I do a lot of running as well and have observed the same effects. After anaerobic sprints or a race of up to 10k, sleep HRV drops / HR is higher and running HR:pace is elevated for up to a week. However, usually this is then followed by some improvement in all of these metrics compared to the baseline before the hard workout. Anaerobic exercise builds/maintains especially fast-twitch muscles, and higher muscle mass has positive influence on many health markers; as we get older we slowly lose muscle mass, but the losses are predominantly fast-twitch muscles [1]. So I believe anaerobic workouts are very important, despite causing quite some stress temporarily. Totally agree they require a lot of recovery inbetween.
Unrelated, out of curiosity, when you say 80% of your training: is it in mileage/time? Or some effort metric like TRIMP, calories, avg. HR, or so? Or something else?

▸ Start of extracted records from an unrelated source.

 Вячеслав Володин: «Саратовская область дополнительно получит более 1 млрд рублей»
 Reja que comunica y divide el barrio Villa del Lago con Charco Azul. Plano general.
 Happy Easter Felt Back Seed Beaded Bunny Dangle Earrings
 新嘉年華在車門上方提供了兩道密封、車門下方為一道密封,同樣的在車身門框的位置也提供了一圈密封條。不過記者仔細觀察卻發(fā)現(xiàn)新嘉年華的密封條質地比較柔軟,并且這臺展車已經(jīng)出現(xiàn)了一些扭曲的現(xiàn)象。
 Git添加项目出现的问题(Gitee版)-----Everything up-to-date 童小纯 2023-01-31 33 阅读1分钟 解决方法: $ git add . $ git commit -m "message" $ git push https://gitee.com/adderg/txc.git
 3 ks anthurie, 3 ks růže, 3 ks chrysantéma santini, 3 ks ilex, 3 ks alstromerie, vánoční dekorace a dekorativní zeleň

That's good you've observed the same effects and definitely agree that anaerobic training improves fitness and teh associated markers over time. When in my teens I did a lot of running but back then I didn't have a HR monitor and probably most of my training was anaerobic and still managed to improve well over the years. I suspect I was taking on high levels of stress which ultimately led me to quit running when I started university.
Interesting that you mention sleep HRV. I use the Oura ring and have observed that my sleep HRV is super super low at the moment, like 15/20ms but when I check it in the morning with my polar H10 strap then it will usually come out between 60-80ms. Tried to figure out what causes it but not had any luck so far. I don't think I'm over-training or have any other issues.

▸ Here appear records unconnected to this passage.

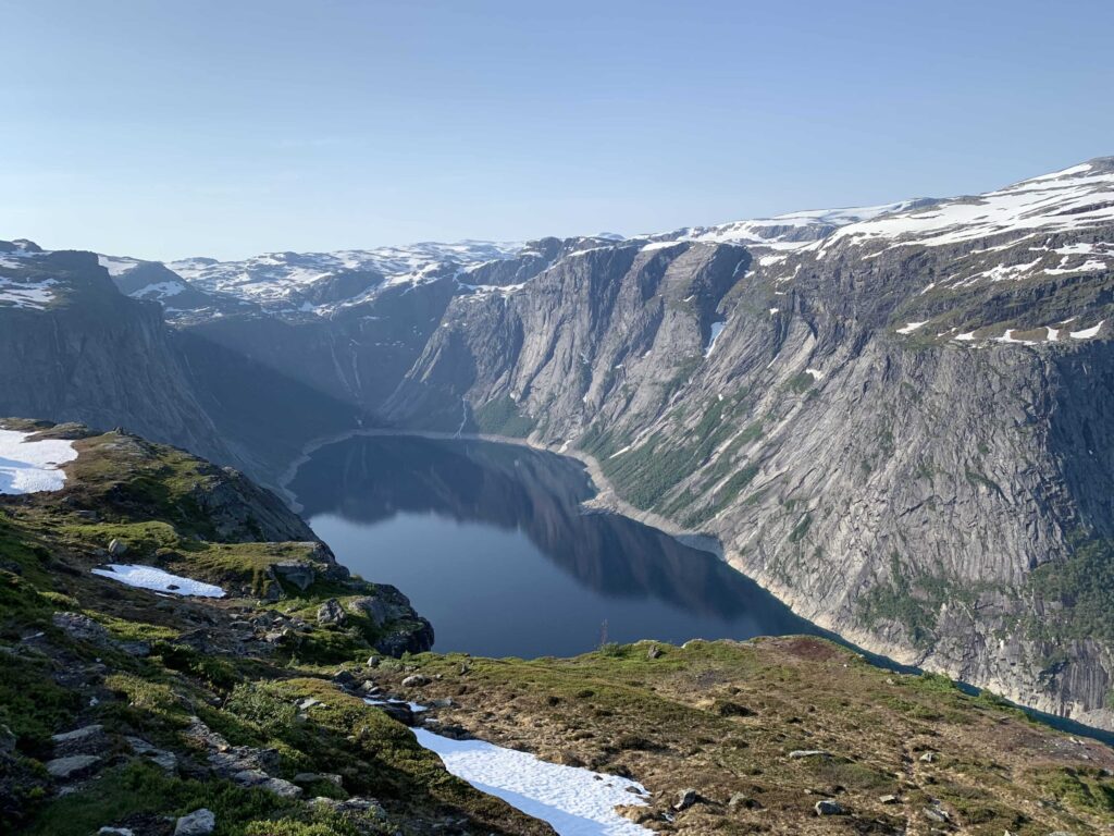 Czasem porośnięta mchem na głazach czasem górskim zboczem, z którego majaczy grafitowe jezioro. Wygląda jak fiord w pomniejszeniu i już wiesz dlaczego Trolltunga jest jedną z największych atrakcji Norwegii.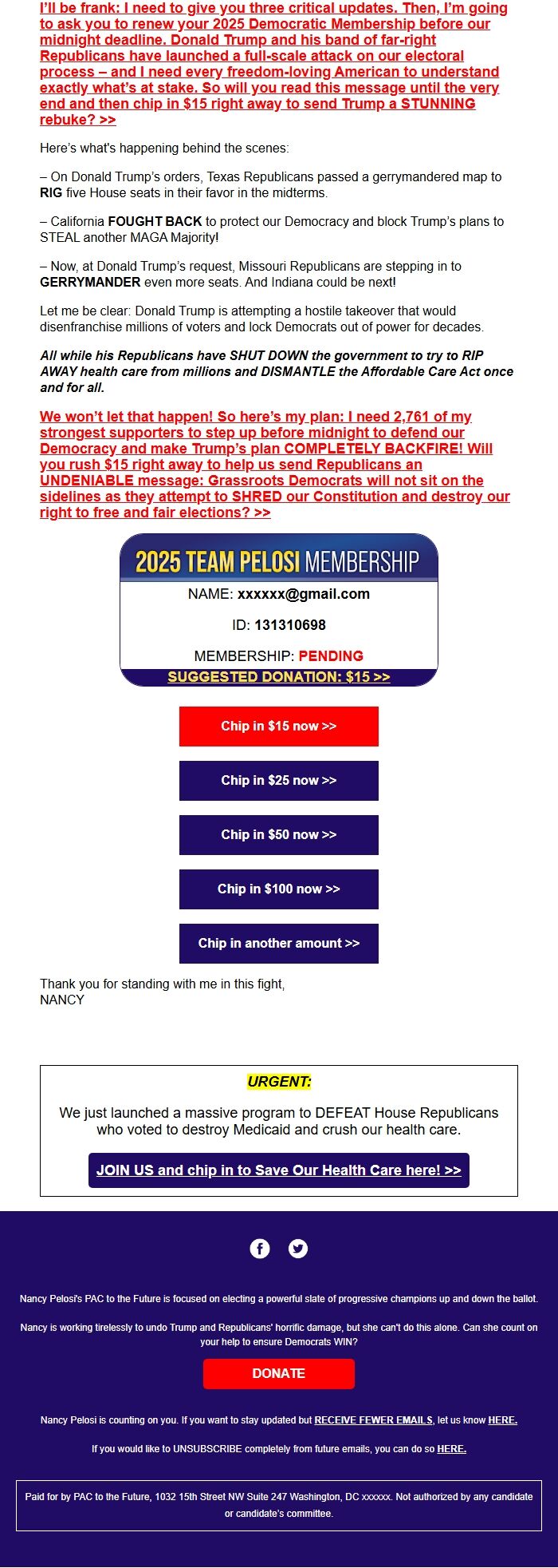 I’ll be frank: I need to give you three critical updates. Then, I’m going to ask you to renew your 2025 Democratic Membership before our midnight deadline. Donald Trump and his band of far-right Republicans have launched a full-scale attack on our electoral process – and I need every freedom-loving American to understand exactly what’s at stake. So will you read this message until the very end and then chip in $15 right away to send Trump a STUNNING rebuke? >> [[link removed]]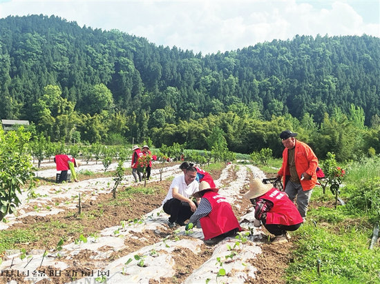 日前,盐亭县玉龙镇的柑橘园里绿意层叠,高处是正在生长的金秋沙糖桔、明日见果树,脚边是新栽下的茄子、辣椒秧苗,正挺着嫩茎。果农们穿行在果树行间,弯腰栽苗,忙个不停。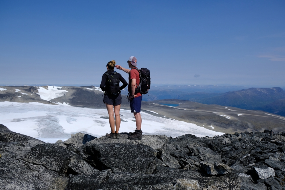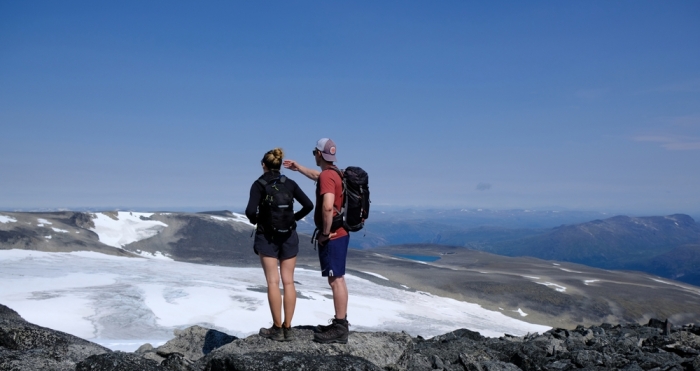 Zdobywamy najwyższy szczyt Norwegii Galdhopiggen (2469 m.n.p.m.). Czas przejścia ok. 6–7 godz., wymagana dobra kondycja fizyczna. Chętni mogą zamienić ten trekking na jedną z krótszych tras.

I follow Phil Maffetone's training methodology [1], which has worked quite well for me. So currently, 80% of my training by distance/time is between 135bpm and 145bpm. The training is mostly steady runs between 7km to 25km. The remaining 20% is a mixture of progression runs, speed training, and intervals.
Initially, for the first 6 months of training, all my training was below 145 bpm and was quite slow at 6min/km but now I can do 4.30min/km at 140bpm and I'm still getting faster!

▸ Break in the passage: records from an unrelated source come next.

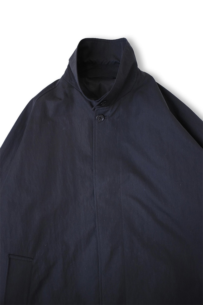 2020年の登場以来、キャプテン サンシャインの秋冬のスタンダードとなったバルマカーンコート。ゆったりとしたAラインで、蹴廻し(裾周り)を大きく採ったパターンは足さばきの良さと、自然で上品ななびき方が楽しめる。襟はやや小さめで、立てて着た際には肩傾斜を強めた前振りのラグランスリーブにかけて美しいラインが生まれるよう設計されている。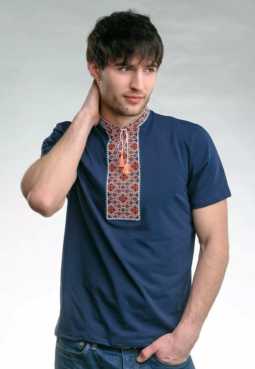 Річ вироблена із високоякісного матеріалу – бавовни. Для вишивки використовувалися елементи слов'янської вишивки. Реалізовувалася машинною технікою білими та кораловими нитками на тканині темно-синього кольору. Все для того, щоб ви отримали нашу футболку у найкращому вигляді.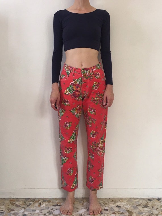 Red floral pants clearance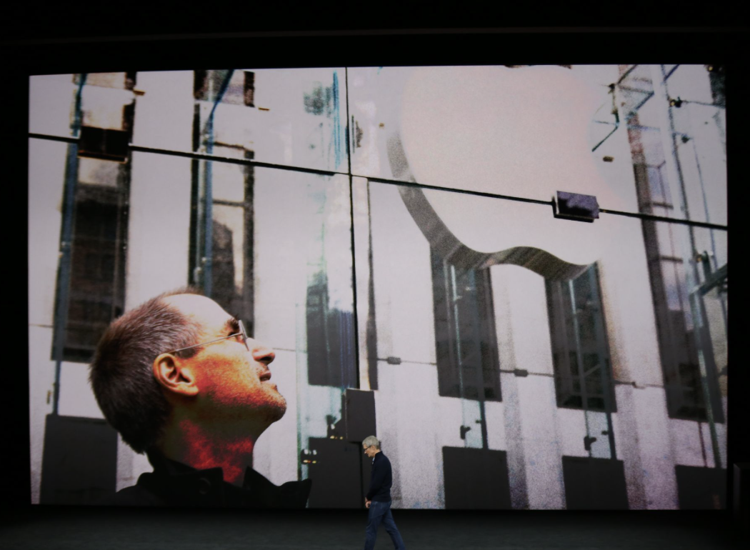 和過往蘋果發(fā)布會的常見套路不同,這次蘋果CEO蒂姆·庫克首先以緬懷蘋果之父史蒂夫·喬布斯作為開場白,約5分鐘動情的前奏迎來現(xiàn)場第一輪掌聲。(本文現(xiàn)場圖片來自The Verge)

Coincidentally I have the Oura ring too, and my sleep HRV oscilates around 100ms; haven't compared with a strap in the morning though. Strange that you get such low values, maybe something faulty with the ring, or finger placement? It's possible also that the absolute values are not extremely accurate, but the relative trends are. Garmin for example requires a strap to measure HRV stress, even though the watch has an optical HR sensor, which leads me to think optical sensors are not so precise.
What an amazing improvement to 4:30 pace at 140 bpm btw! I've had a similar relative improvement over the first year when I think about it, from around 7:00 to 5:20-5:30 at 140 bpm. But my training was mostly 1km intervals at high end of zone 3 (still quite below threshold), translating to a lot of tempo running on average, plus one session of 200s or 400s faster intervals per week. Been stuck with little progress for a while though, and was thinking to try a more polarized approach like yours with higher volume; thanks for explaining it!